Newsletter & Kolumnen von Avanti Papi


Kolumne MännerZeitung September 2011

Bärte und Geheimnisse
Das letzte Mal, dass ich mich über den Samichlaus gefreut habe, war vor dreissig Jahren. Ich war zwölf Jahre alt und das erste Jahr im Gymnasium, noch voller Elan und Fleiss. Die älteren Klassen organisierten am 6. Dezember für die ersten Klassen einen Samichlaus, d.h. wahrscheinlich verkleidete sich ein angehender Maturand als Samichlaus und stiefelte von Klasse zu Klasse, um einen grossen Sack mit Nüsschen, Mandarinen und Schokolade zu verteilen. Nicht, dass ich noch an den Samichlaus geglaubt hätte, nein. So naiv war ich nicht mehr. Aber gefreut habe ich mich und ich muss zugeben, dass ich sogar recht nervös war, obwohl ich zu dieser Zeit noch keinen Grund hatte zu befürchten, dass ich die Fitze bekommen könnte. Ich kann also eigentlich nicht so recht erklären, wie meine Freude zustande kam. Als Kind war der Samichlaus natürlich schon eine faszinierende Figur und ich erinnern mich an einen Super - 8 –Film aus den frühen Siebzigerjahren, welchen mich als Dreikäsehoch vor dem Nikolas zeigt, nervös von einem Bein aufs andere wankend und, hätte es zu dieser Zeit schon Tonfilme gegeben, man hörte bestimmt mein Stottern beim Rezitieren des Gedichtes. Gross war auch jeweils die Freude, wenn wir in der Stadt das Märlitram sahen, welches ja vom Samichlaus gefahren wird. Obwohl ich es schon früh ahnte, war ich mir doch lange Zeit nicht so sicher, ob es nicht tatsächlich der echte Samichlaus ist, der da für die VBZ seine Runden fuhr, und selbst als es dann mit der Zeit doch klar war, ging der Zauber nie so richtig verloren.

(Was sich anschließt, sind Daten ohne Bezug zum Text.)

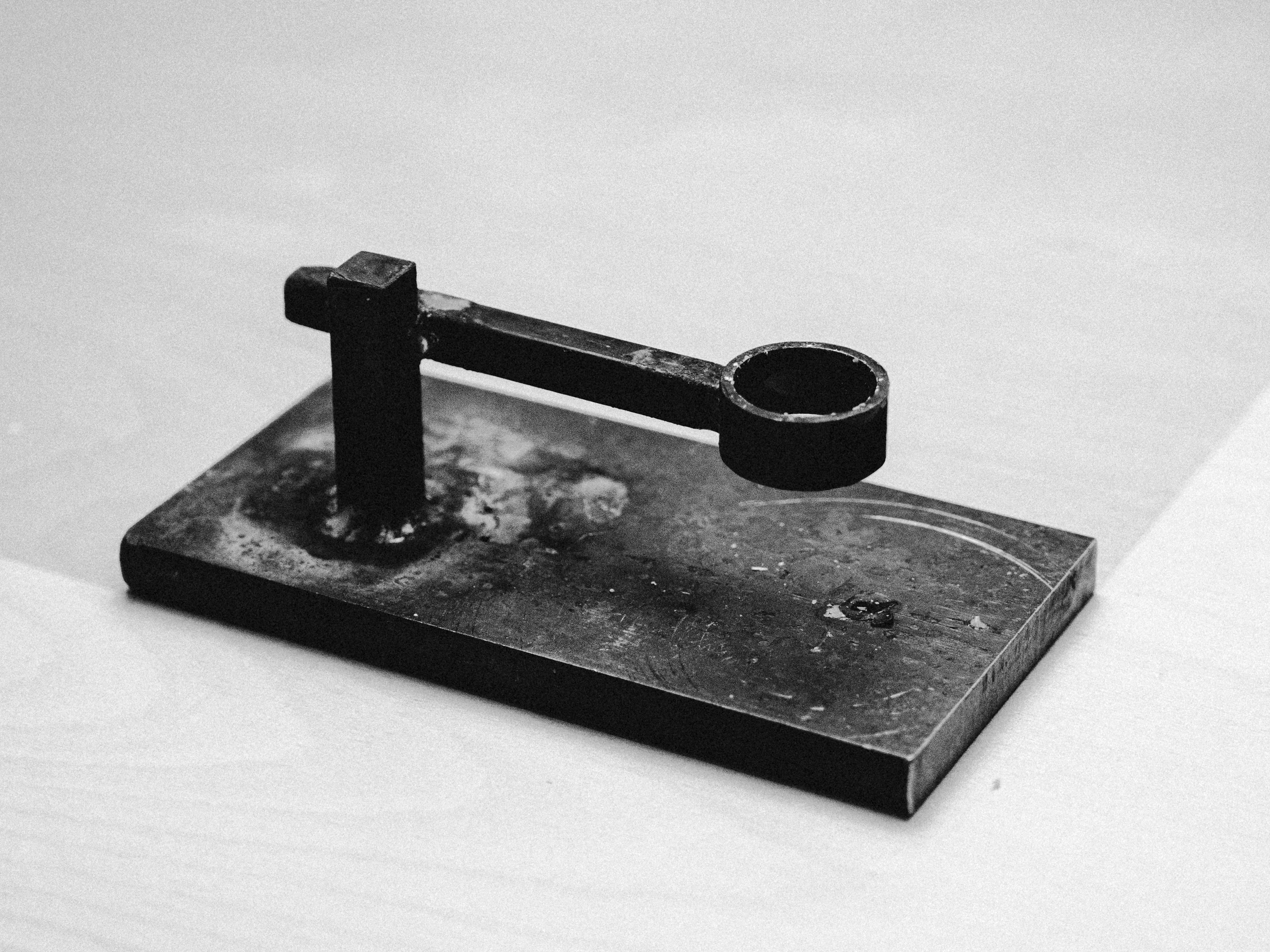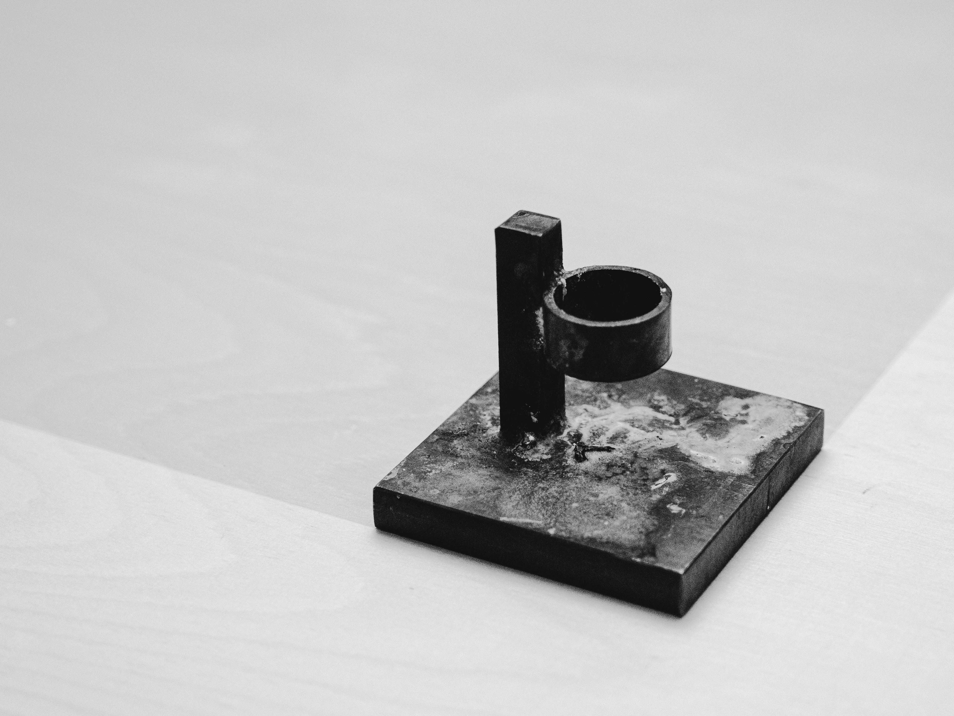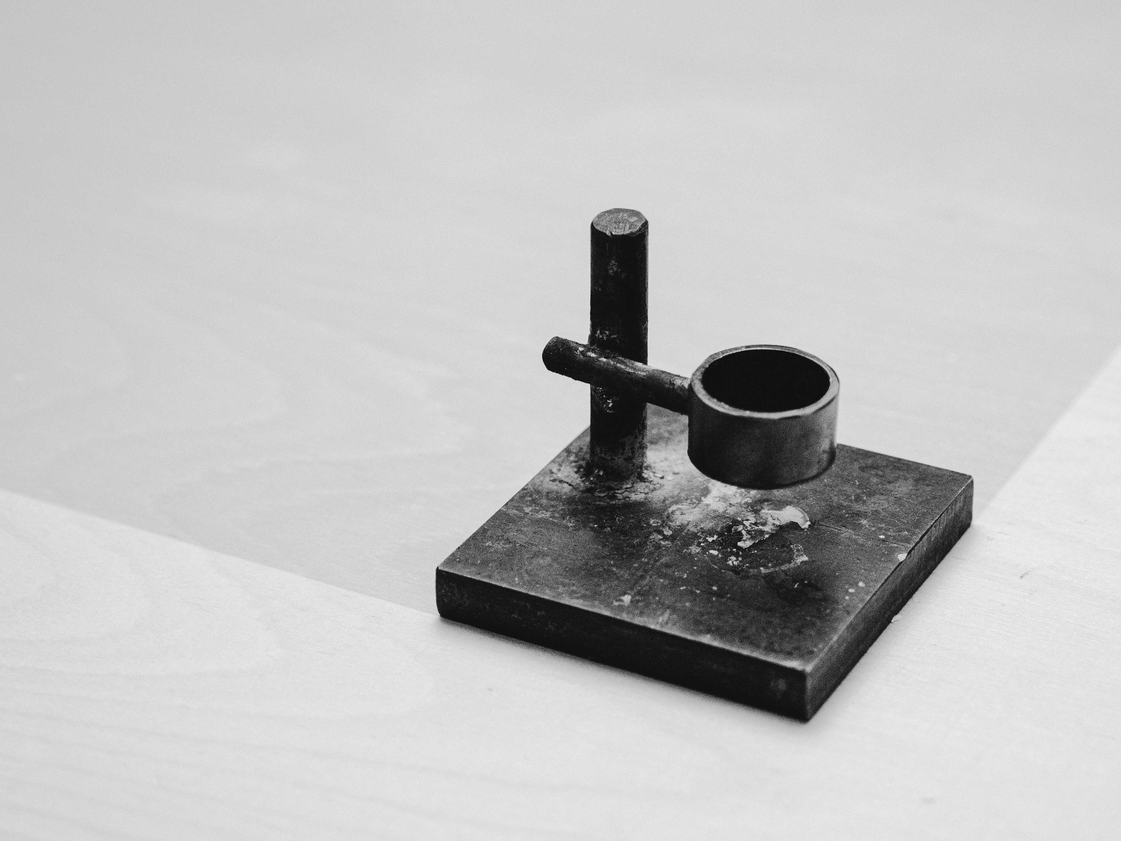 The starting point was to practice soldering with brass, to play with distinctive characteristics of metal and to work intuitively in combining the parts. The objects are both whimsically technical and thoughtfully random.

Und was hat das Ganze mit Sex zu tun? Nein, es geht nicht um das Geheimnis, ob ich auf Männer mit Bart und roter Robe stehe, und ich wünsche mir auch nicht im Geheimen Sexspielchen mit der Rute. Es geht darum, dass der Zauber verloren geht, wenn das Geheimnis gelüftet wird. Wenn im Oktober schon die ersten Schoggisamichläuse in den Regalen der Grossverteiler stehen, wenn im November dann an jeder Hauswand ein Samichlaus die Fassade hinaufklettert und im Dezember vierzig Samichläuse mit sexy Samichläusinnen auf ihren Harley- Davidsons durch die Zürcher Altstadt donnern – unter begeisterten Blicken der erwachsenen Passanten notabene – dann, ja dann verliert das Geheimnis um den Samichlaus definitiv seinen Zauber und das Leuchten in den Kinderaugen verschwindet immer früher. Ähnlich verhält es sich mit dem Geheimnis rund um die Sexualität. Aufklärung tut Not und in angebrachter Form darf sie von mir aus auch schon im Kindergarten beginnen, aber ich möchte gar nicht alles über die Sexualität wissen, weder über die weibliche noch über meine eigene. Ich wünsche meinen Kindern, dass sie (und nicht die Werbung, nicht das Internet und nicht die Handyfilmchen) die Geheimnisse eines nach dem anderen lüften und dass am Ende trotzdem das eine oder andere ein Geheimnis bleibt, auf dass der Zauber, der die Sexualität im besten Fall begleitet, nie verloren geht.